**Instructions for the task**: Below are entries. Copy exactly the lines running from the line that holds "Biometric, OSDP |" to the line that holds "3분기 실적을 살펴보면", with both ends included.

(Records shown)

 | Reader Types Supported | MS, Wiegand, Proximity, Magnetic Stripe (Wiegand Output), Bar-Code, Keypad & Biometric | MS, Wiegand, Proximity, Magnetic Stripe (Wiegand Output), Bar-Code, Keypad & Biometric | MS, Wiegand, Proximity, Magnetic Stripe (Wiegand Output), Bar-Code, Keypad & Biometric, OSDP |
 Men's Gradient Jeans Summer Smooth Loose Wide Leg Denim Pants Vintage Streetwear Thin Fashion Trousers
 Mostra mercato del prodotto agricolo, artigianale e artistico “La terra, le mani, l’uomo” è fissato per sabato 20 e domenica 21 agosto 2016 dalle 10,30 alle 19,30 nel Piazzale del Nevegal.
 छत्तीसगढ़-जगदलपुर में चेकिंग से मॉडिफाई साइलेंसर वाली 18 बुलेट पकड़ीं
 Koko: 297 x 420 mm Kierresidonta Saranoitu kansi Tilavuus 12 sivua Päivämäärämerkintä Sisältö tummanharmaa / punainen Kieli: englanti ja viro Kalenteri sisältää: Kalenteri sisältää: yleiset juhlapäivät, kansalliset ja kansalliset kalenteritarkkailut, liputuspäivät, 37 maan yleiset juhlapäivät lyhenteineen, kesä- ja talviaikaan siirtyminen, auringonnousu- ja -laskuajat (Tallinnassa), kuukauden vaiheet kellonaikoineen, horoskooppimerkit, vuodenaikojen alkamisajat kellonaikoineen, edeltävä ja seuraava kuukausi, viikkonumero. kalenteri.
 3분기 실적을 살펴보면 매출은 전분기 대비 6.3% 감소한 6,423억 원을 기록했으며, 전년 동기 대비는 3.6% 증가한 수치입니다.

(End Records shown)
(Records shown)

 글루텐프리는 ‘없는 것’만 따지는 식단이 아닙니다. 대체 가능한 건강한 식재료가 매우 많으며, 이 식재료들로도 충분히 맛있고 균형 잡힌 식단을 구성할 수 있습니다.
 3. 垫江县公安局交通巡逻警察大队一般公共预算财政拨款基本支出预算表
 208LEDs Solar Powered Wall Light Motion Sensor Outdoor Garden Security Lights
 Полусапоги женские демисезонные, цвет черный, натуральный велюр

(End Records shown)

**Written response**:
 | Reader Types Supported | MS, Wiegand, Proximity, Magnetic Stripe (Wiegand Output), Bar-Code, Keypad & Biometric | MS, Wiegand, Proximity, Magnetic Stripe (Wiegand Output), Bar-Code, Keypad & Biometric | MS, Wiegand, Proximity, Magnetic Stripe (Wiegand Output), Bar-Code, Keypad & Biometric, OSDP |
 Men's Gradient Jeans Summer Smooth Loose Wide Leg Denim Pants Vintage Streetwear Thin Fashion Trousers
 Mostra mercato del prodotto agricolo, artigianale e artistico “La terra, le mani, l’uomo” è fissato per sabato 20 e domenica 21 agosto 2016 dalle 10,30 alle 19,30 nel Piazzale del Nevegal.
 छत्तीसगढ़-जगदलपुर में चेकिंग से मॉडिफाई साइलेंसर वाली 18 बुलेट पकड़ीं
 Koko: 297 x 420 mm Kierresidonta Saranoitu kansi Tilavuus 12 sivua Päivämäärämerkintä Sisältö tummanharmaa / punainen Kieli: englanti ja viro Kalenteri sisältää: Kalenteri sisältää: yleiset juhlapäivät, kansalliset ja kansalliset kalenteritarkkailut, liputuspäivät, 37 maan yleiset juhlapäivät lyhenteineen, kesä- ja talviaikaan siirtyminen, auringonnousu- ja -laskuajat (Tallinnassa), kuukauden vaiheet kellonaikoineen, horoskooppimerkit, vuodenaikojen alkamisajat kellonaikoineen, edeltävä ja seuraava kuukausi, viikkonumero. kalenteri.
 3분기 실적을 살펴보면 매출은 전분기 대비 6.3% 감소한 6,423억 원을 기록했으며, 전년 동기 대비는 3.6% 증가한 수치입니다.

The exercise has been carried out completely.